### Exercise description
Return exactly, please, the line that contains "11. Inspect all" and every line after it through the end of the material that follows, leaving pictures aside.

### Recorded data
Start of Block

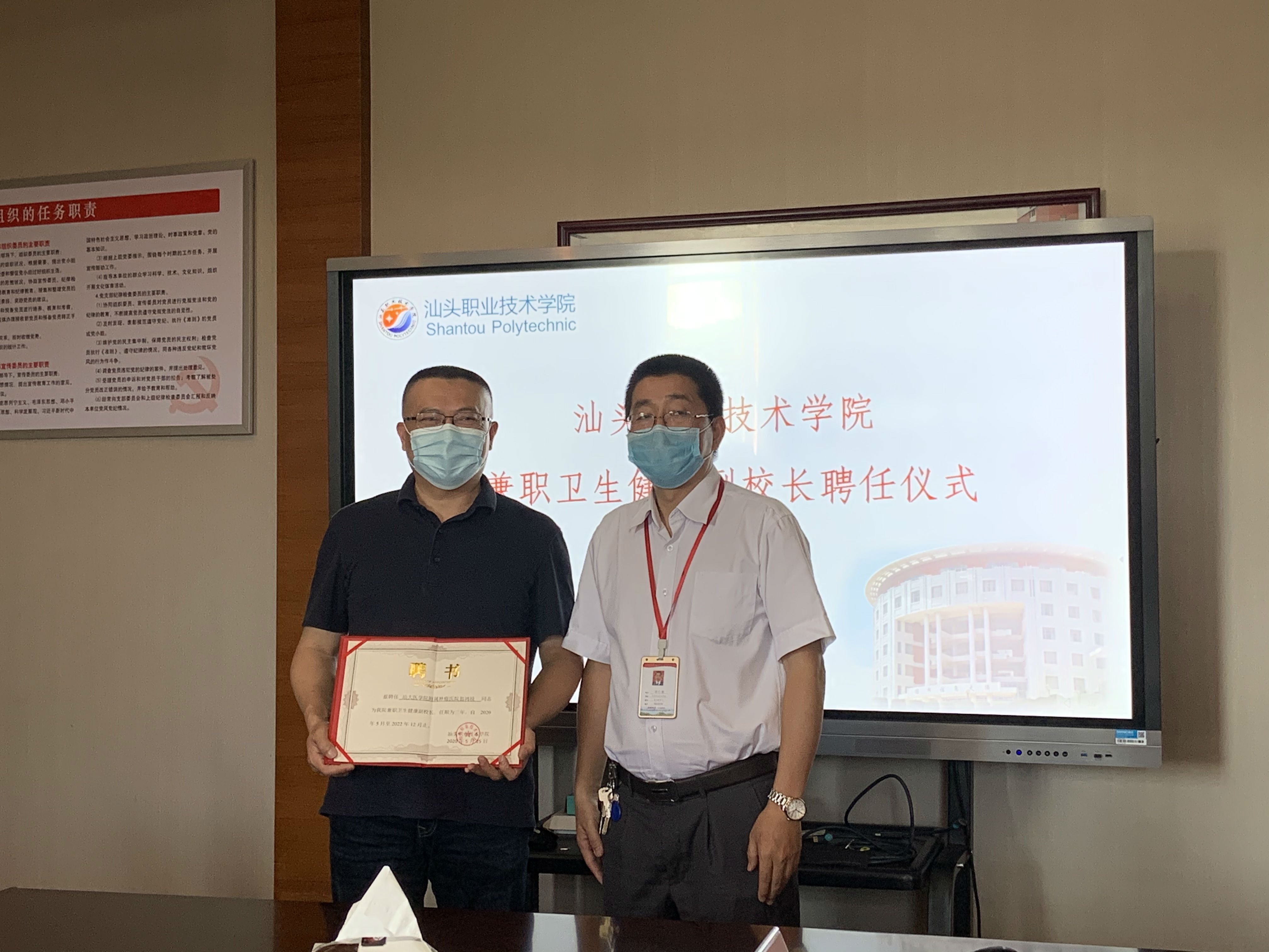 6月3日下午,我院党委书记姚锡涛书记带队一行,到汕头职业技术学院参加该校兼职卫生健康副校长聘任签约仪式,与该校党委副书记方小铁、学院办公室主任曾书培等做交接工作。 为贯彻落实《广东省卫生健康委广东省教育厅关于规范兼职卫生健康副校长管理工作的通知》精神,经市卫生健康局和市教育局联合审定,我院医疗质量管理科副科长翁鸿锐同志受聘为汕职院兼职卫生健康副校长,放疗科主管护师林韵同志驻校指导和协助校医所开展疫情防控工作。 会上,姚书记发言表示,目前,新冠肺炎疫情处于常态化防控阶段,我们仍要时刻绷紧这根弦,不能有松懈情绪,按照省卫生健康委、省教育厅的工作部署和要求,我院愿意全力支持协助学校做好校园疫情防控及卫生工作,为保障学校师生员工生命安全和身体健康尽我们的一份力。 面对汕职院一万多名学生即将来临的复学期间疫情防控压力,来自我院的医疗前线的翁鸿锐同志及林韵同志表示将发挥专业医疗卫生素养,配合学校实际情况及时开展各项疫情防控、卫生突发事件处理及健康卫生知识宣教工作。 会后,在汕职院领导的陪同下,姚书记一行参观了汕职院校园环境及卫生支持系统。
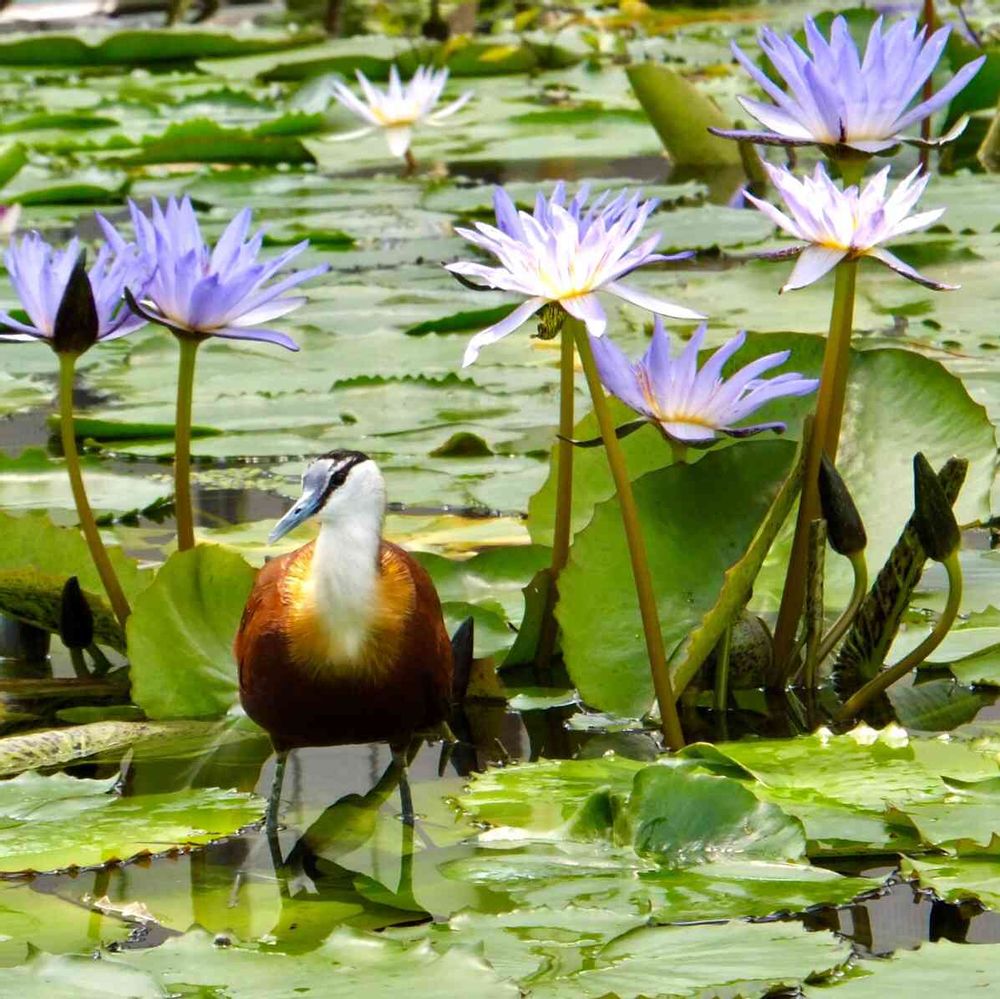 睡蓮とアフリカレンカクの色合いがきれい☺️
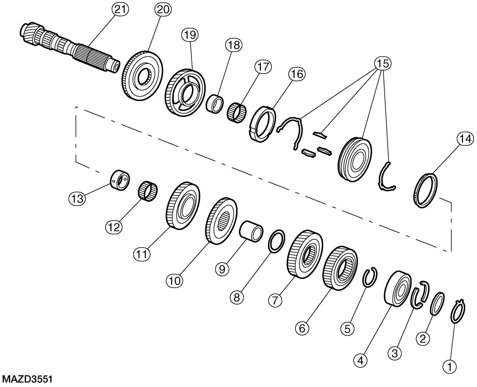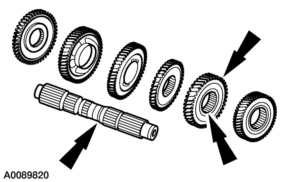 11. Inspect all mainshaft parts for damage, peeling, dents, uneven wear or bending. Install new parts as necessary.
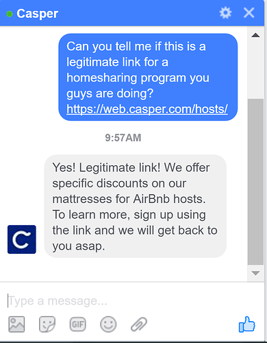 Given that we know that criminals running phishing companies are desperately eager to get Airbnb host’s emails, so that they can send them phishing links in the form of fake emails from AIrbnb, and given that scammers and criminals often create their fake web pages by combining the company name with some other bits and pieces in the URL, I would suggest that this link looks more like a criminal operation than a real page from Casper.
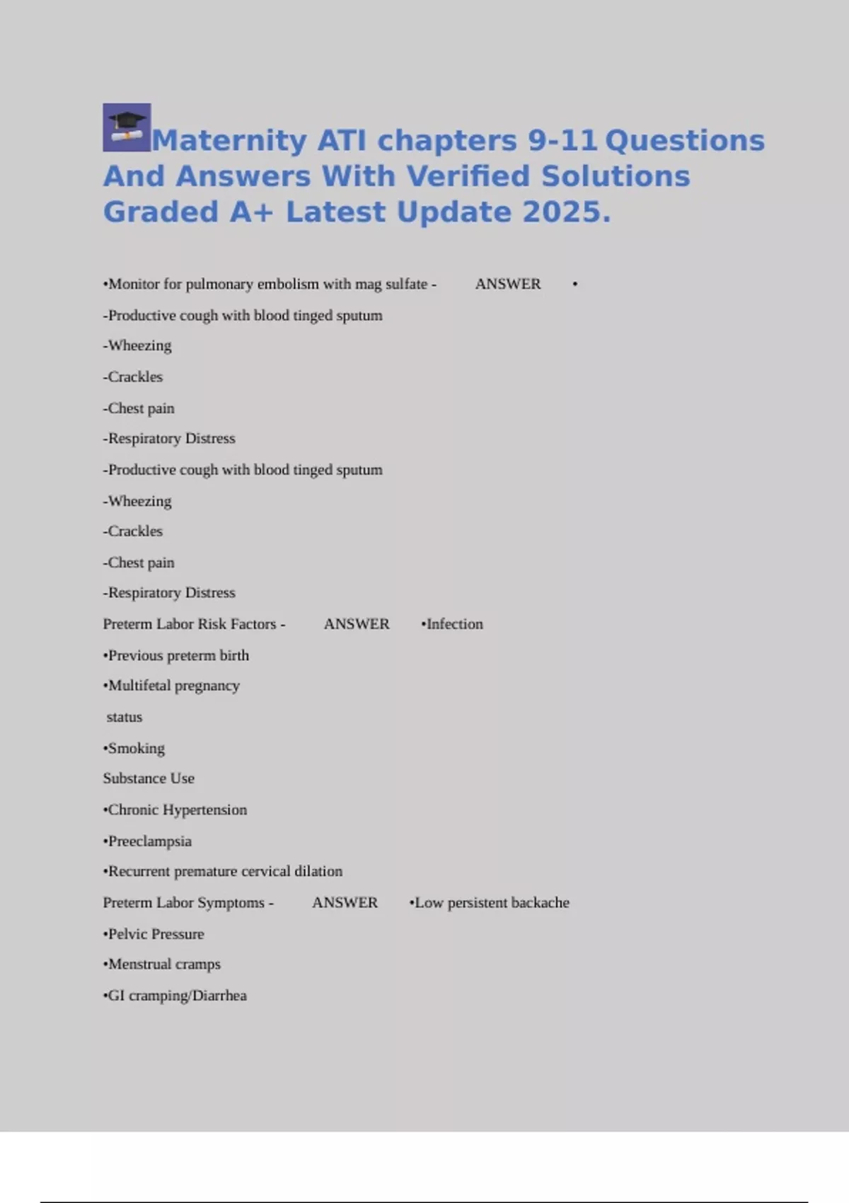 Preterm Labor Symptoms - ANSWER •Low persistent backache

End of Block

### Exercise solution
 11. Inspect all mainshaft parts for damage, peeling, dents, uneven wear or bending. Install new parts as necessary.
 Given that we know that criminals running phishing companies are desperately eager to get Airbnb host’s emails, so that they can send them phishing links in the form of fake emails from AIrbnb, and given that scammers and criminals often create their fake web pages by combining the company name with some other bits and pieces in the URL, I would suggest that this link looks more like a criminal operation than a real page from Casper.
 Preterm Labor Symptoms - ANSWER •Low persistent backache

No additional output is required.